Cost of living, social supports and infrastructure

Also, more than $3.6 billion is being invested to “ensure the well‑being of Quebecers and strengthen the vitality of communities,” including nearly $2.4 billion to help residents cope with the rising cost of living. Measures include converting 5 000 non‑subsidised childcare spaces, capping school tax increases at 3%, supporting access to housing, and addressing homelessness, mental health and domestic and sexual violence.
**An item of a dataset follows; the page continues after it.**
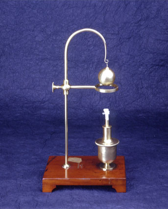 | Descrição: | Composto por uma base em madeira, onde assenta um suporte com uma esfera de latão suspensa e um anel, com quase o mesmo diâmetro da esfera e uma pequena lamparina. Esta última tem como função fornecer calor à esfera. |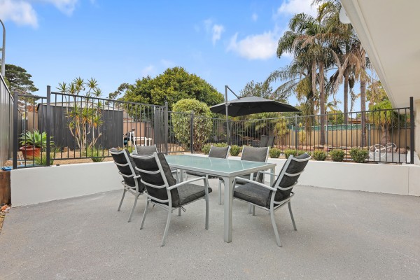 - Outdoor entertainment area overlooking the beautiful in-ground pebblecrete pool

The Quebec Infrastructure Plan will increase by over $5 billion to $167 billion over six years, focused on health, education, public transit, the road network and digital transformation of public bodies, with 71% going to maintaining existing assets. These social and infrastructure investments will shape employees’ daily realities — from commuting and childcare to mental health — and will be central to how HR designs benefits, flexible work and broader people strategies.

Following the release of the budget, the Fédération de la santé et des services sociaux (FSSS‑CSN) said that after the March 2025 budget it “regretted that, by bringing down an austere budget, the CAQ government was asking Quebecers to get used to inadequate services” and warned that holding health‑and‑social‑services growth below system costs would further degrade care.

The group explicitly opposed solving deficits with cuts in the public health and social‑services network and called for planning exercises on workforce and resources before Budget 2026‑2027.

The Quebec government should focus on restraining public‑sector wages and benefits as it prepares its next budget amid mounting deficits and rising debt, the Fraser Institute previously said.